This critique is very valid, but it suggests that there are many different things influencing this outcome of interest, including economic factors. We have only looked at the political! The economists might turn around and accuse us of doing the very thing Appel and Loyle accused them of!
Let’s add some of those economic factors into our model. We will start with an intuitive one: individuals’ economic wealth (measured as GDP per capita). I expect that foreign firms will be more willing to invest larger sums of money into economies with richer citizens. These citizens will be more willing and able to purchase the goods and services provided by those firms.

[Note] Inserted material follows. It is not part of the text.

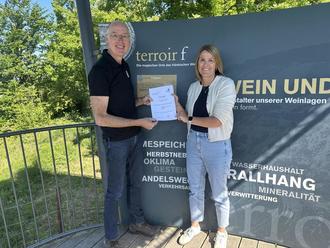 Foto (Petra Schraut): Heidi Roth, Servicebüro Ehrenamtskarte vom Landratsamt, freut sich über den neuen Partner der Ehrenamtskarte und überreicht als Dank eine von Landrätin Sabine Sitter unterzeichnete Urkunde an Josef Schraut, Gästeführer Weinerlebnis Franken.

Therefore, I hypothesize that the greater a state’s GDP per capita, the larger its net FDI inflows. I expect this to be the case regardless of whether the state has established a PCJ institution. Let’s test this claim:
m <- lm(net_fdi_inflows ~ pcj + gdp_per_capita, data = ebj)
modelsummary(m,
statistic = NULL,
coef_rename = c("pcjPCJ institutions" = "PCJ institutions established",
"gdp_per_capita" = "GDP per capita (current USD)"))| (1) | |
|---|---|
| (Intercept) | -319.173 |
| PCJ institutions established | 1673.288 |
| GDP per capita (current USD) | 0.318 |
| Num.Obs. | 95 |
| R2 | 0.142 |
| R2 Adj. | 0.124 |
| AIC | 1777.5 |
| BIC | 1787.7 |
| Log.Lik. | -884.742 |
| F | 7.638 |
| RMSE | 2681.52 |
We continue to find a positive relationship between net FDI inflows and the establishment of a PCJ institution. In other words, countries that established PCJ institutions received, on average, larger net FDI inflows than those that did not establish these institutions. Additionally, we can now state that this is the case regardless of how rich or poor individuals within the country are.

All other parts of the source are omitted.